= Legion (novella series) =

Series of novellas by Brandon Sanderson

Legion, or the Stephen Leeds series, is a series of science fiction novellas created by American author Brandon Sanderson. Sanderson authored the first three stories (all published through Subterranean Press): Legion, first published on August 31, 2012, Legion: Skin Deep in November 2014, and Legion: Lies of the Beholder in September 2018. Death and Faxes, co-authored by Max Epstein, David Pace, and Michael Harkins, was released in June 2022. The books have received favorable reviews.

== Background ==
Sanderson wrote the first story on the flight home from France in the summer of 2011. It "came from an idea I'd been kicking around in my head for a few months, and the time seemed right to explore it on paper. When finished, I sent it out to my agent - and we had a Hollywood option by the end of the year.

== Plot ==

=== Legion ===
Legion (2012) tells the story of Stephen Leeds, better known as 'Legion', a man whose unique mental condition allows him to generate a multitude of personae. He is a brilliant problem solver, rich and quite good at what he does, helped by his hallucinations. However, he would rather be left alone, and that means no researchers or psychologists who want to get to the bottom of his abilities.
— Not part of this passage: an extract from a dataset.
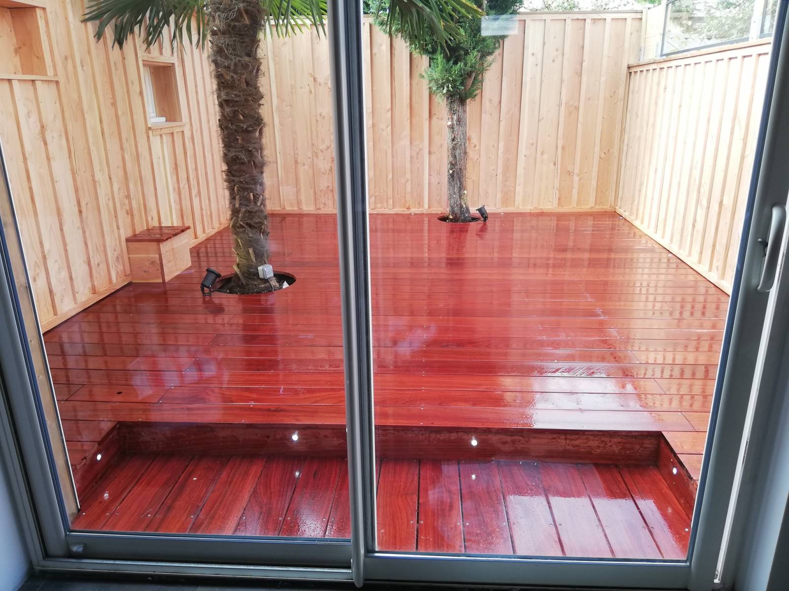 LS Menuiserie spécialiste de l'aménagement extérieur vous présente ce magnifique projet réalisé à Bordeaux en Gironde d'une terrasse bois exotique en padouk.
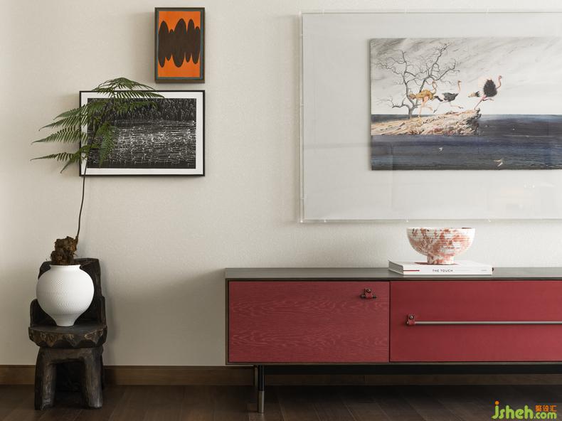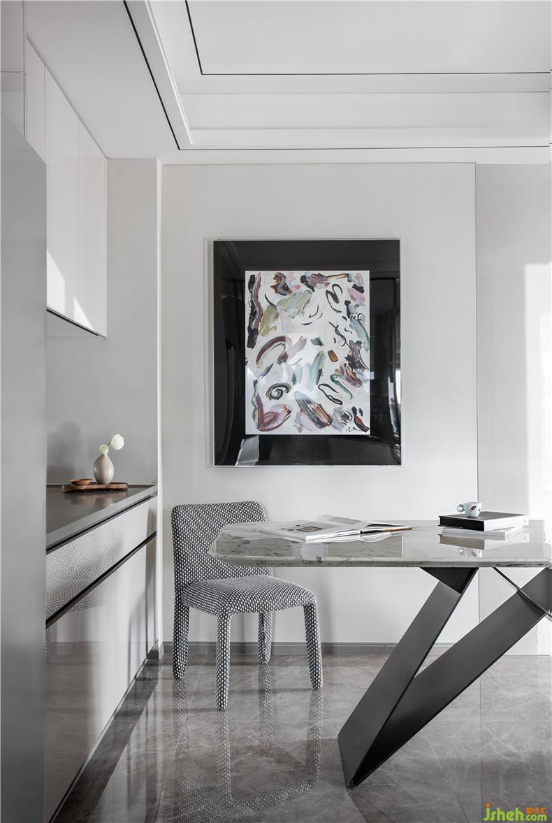 進入主臥,映入眼簾的是主墻面與家具使用了冷白的材質(zhì)肌理,輔以暖色調(diào)的線條、鯨藍色的座椅、禪靜的綠植醒目清新,而抽象的畫作及裝飾都是主人的收藏品,作為陽光灑落室內(nèi)的關(guān)系色彩,讓居住在理性之中擁有溫柔的姿態(tài)。

But then Legion receives a letter with a mysterious, impossible picture, and he can't resist traveling the world to search for answers. He must track down a missing inventor who disappeared with a camera that can take pictures of the past. Helped by Monica, who is also searching for the inventor, he travels to Jerusalem to solve the problem.

=== Legion: Skin Deep ===
Stephen is called on to help a friend after the mysterious disappearance of a body. His investigation is hampered by the interference of a trained assassin and the dead man's younger brother. Stephen and his invisible entourage face danger at every turn whilst looking into the body theft and the man's secretive work on human cells.

=== Legion: Lies of the Beholder ===
Two unrelated events start it off: the disappearance of one of Stephen's many "aspects", Armando, and an unexpected cry for help from Sandra, the woman who helped him learn to live with his condition many years before. The combination of the two leads to a sinister high-tech firm specializing in advanced methods of human incarceration.

===Death and Faxes===
Set sometime between the end of Legion and Lies of the Beholder, Stephen Leeds works with the IRS to track down a hacker who uses technology to confuse, control, and kill people. Co-authored by Max Epstein, David Pace, and Michael Harkins.

==List of works in the series==
Works are by Sanderson unless otherwise noted.
- Legion (September 2012, Subterranean Press, ISBN 978-1-59606-485-0)
- Legion: Skin Deep (November 2014, Subterranean Press, ISBN 978-1-59606-690-8)
- Legion: Lies of the Beholder in Legion: The Many Lives of Stephen Leeds (September 2018, Tor Books, ISBN 978-1-250-29779-2)
  - Published separately in December 2018 through Subterranean Press (ISBN 9781596068858)
- Death and Faxes (June 2022, Recorded Books, audio only)

== Reception ==
Legion has been well received by reviewers, one commenting: "This is the first time I wish a Brandon Sanderson story was longer than it ended up being. Maybe we'll get to read more about Stephen "Legion" Leeds in future stories or novels, if Sanderson finds the time between all his other projects. Leeds is definitely a character with enough depth to lead an entire novel, or even a series. Based on this short teaser novella and Sanderson's writing talent, Legion could be the starting point for a great contemporary fantasy/crime hybrid".

==Television rights==
In 2013, Sanderson posted on his blog that Lionsgate has the rights for a Legion television show under option, and later said the TV rights were purchased by Lionsgate sometime in 2012. As of September 2020, the rights are held by Cineflix Media.